The present invention relates to a method for determining physiological characteristics produced by the functioning of the heart, such as stroke volume and cardiac output. The method of the present invention may provide absolute, as contrasted to relative, values of these characteristics.
In many instances, such as prior, during, or following major surgery, it is important to determine certain physical characteristics of a patient's heart. For example, it may be necessary or desirable to determine the volume of blood being discharged from the patient's heart. The volume may be expressed as the stroke volume (SV), which is the volume of blood discharged during each contraction or beat of the heart, or the cardiac output (CO), which is the volume of blood discharged over a given period of time, such as a minute. Or, it may be necessary or desirable to know atrial and/or ventricular ejection times in order to assess the contractility of the heart muscle.
The most direct way to measure these quantities is to use a pulmonary artery catheter. Such a catheter is surgically positioned inside the heart in a pulmonary artery catheterization procedure. However, such positioning is a highly invasive, labor intensive procedure which requires a high level of surgical skill and which places a patient at considerable risk. For these reasons, attempts have been made to develop less invasive, or non-invasive, methods for determining the amount of blood discharged from a patient's heart.
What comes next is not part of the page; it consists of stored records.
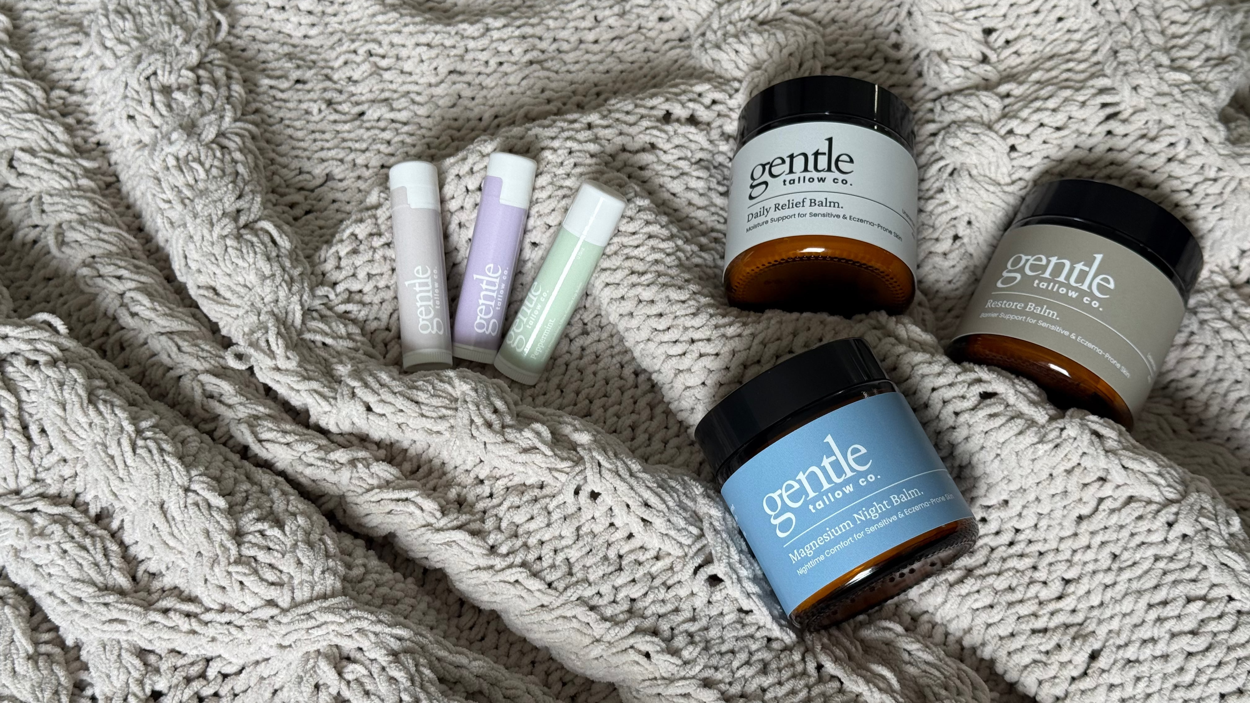 At Gentle Tallow Co, our tallow balms are designed with one clear purpose: to bring real relief to eczema-prone and sensitive skin. While they are versatile enough for daily use from head to toe, every formula is crafted to support the unique needs of irritated, inflamed, and barrier-damaged skin. Use it as your daily facial moisturizer, an all-over body balm, or apply it directly to dry, itchy patches whenever your skin needs extra care.
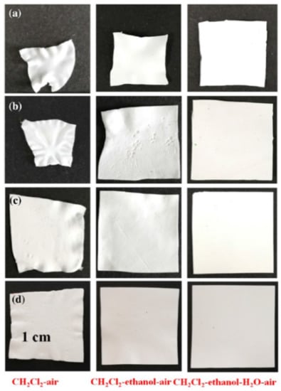 - Young, T.H.; Lin, D.J.; Gau, J.J.; Chuang, W.Y.; Cheng, L.P. Morphology of Crystalline Nylon-610 Membranes Prepared by the Immersion-Precipitation Process: Competition between Crystallization and Liquid–Liquid Phase Separation. Polymer 1999, 40, 5011–5021. [Google Scholar] [CrossRef]
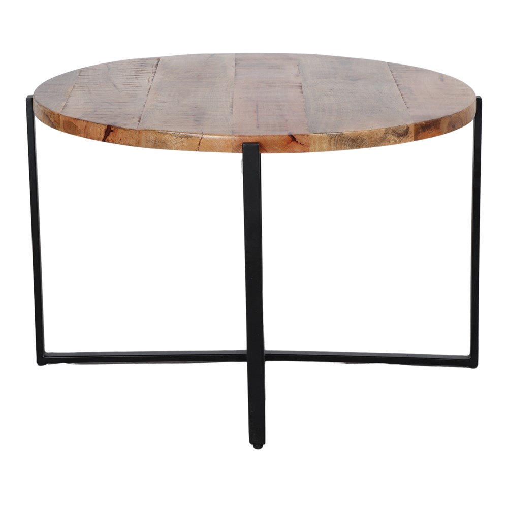 Belladona wooden side table Industrial style with tubular steel frame in powder paint finishing, and rounded tropical wood tabletop.
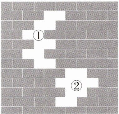 1. 下面是一面破损的墙面,比一比,这两个墙洞,哪个面积大?
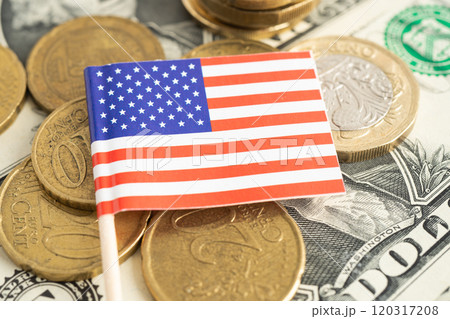 USA America flag on coin and banknote money, finance trading investment business currency.
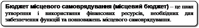 Доходи місцевих бюджетів формуються за рахунок власних джерел та закріплених у встановленому порядку загальнодержавних податків, зборів та інших обов’язкових платежів. Мінімальний бюджет місцевого самоврядування – це розрахунковий обсяг місцевого бюджету, необхідний для здійснення повноважень місцевого самоврядування на рівні мінімальних соціальних потреб, який гарантується державою. Місцевий бюджет поділяється на такі види: 1) районний бюджет – план утворення і використання фінансових ресурсів, необхідних для забезпечення спільних інтересів територіальних громад сіл, селищ, міст районного значення, виконання місцевих програм, здійснення бюджетного вирівнювання; 2) обласний бюджет – план утворення і використання фінансових ресурсів, необхідних для забезпечення спільних інтересів територіальних громад, виконання місцевих програм, здійснення бюджетного вирівнювання; 3) поточний бюджет – доходи і видатки місцевого бюджету, які утворюються і використовуються для покриття поточних видатків; 4) бюджет розвитку – доходи і видатки місцевого бюджету, які утворюються і використовуються для реалізації програм соціально-економічного розвитку, зміцнення матеріально-фінансової бази.

Approaches taken to this end include the following. Some methods use changes in the electrical impedance of the thorax, as measured by electrodes placed on the patient's skin to determine cardiac functioning. See U.S. Pat. Nos. 5,782,774; 5,685,316; 5,469,859; 4,870,578; 4,450,527; and 4,437,469. Other methods employ ultrasonic probes. For example, such probes may be placed in the suprastenal notch or in the esophagus to measure blood flow in the aorta. See U.S. Pat. Nos. 5,575,289; 5,085,220; 5,052,395; and WO 98/51212. Another approach is to apply various algorithms to the blood pressure waveform to determine cardiac output. See U.S. Pat. Nos. 5,876,347; 5,647,369; 5,584,298; 5,535,753; 5,390,679; 5,265,615; 5,241,966; 5,183,051; 5,101,828; 5,025,795; 4,676,253; 4,137,910 and WO 97/47236 and Japanese Patent Publication 10-094528. Dye dilution techniques have also been employed in which a dye is injected into the blood stream and a sensor detects the dye concentration in the blood after the dye has passed through the heart. See U.S. Pat. Nos. 5,494,031 and 5,458,128. In a technique, commonly called the Fick method, CO.sub.2 is measured in the air expired by the patient and used to make a determination of the volume of blood discharged by the patient. See U.S. Pat. Nos. 5,836,300 and 5,043,576 and WO 98/26710 and WO 98/12963.
However, a problem with one or more of the foregoing methods is that they may produce inaccurate results due, for example, to the use of less than correct assumptions in deriving an algorithm for determining volumes from the shape of a blood pressure waveform. Further, the methods determine only a relative blood volume value. In order to produce an absolute blood output value, a calibration value obtained by a pulmonary artery catheter is required.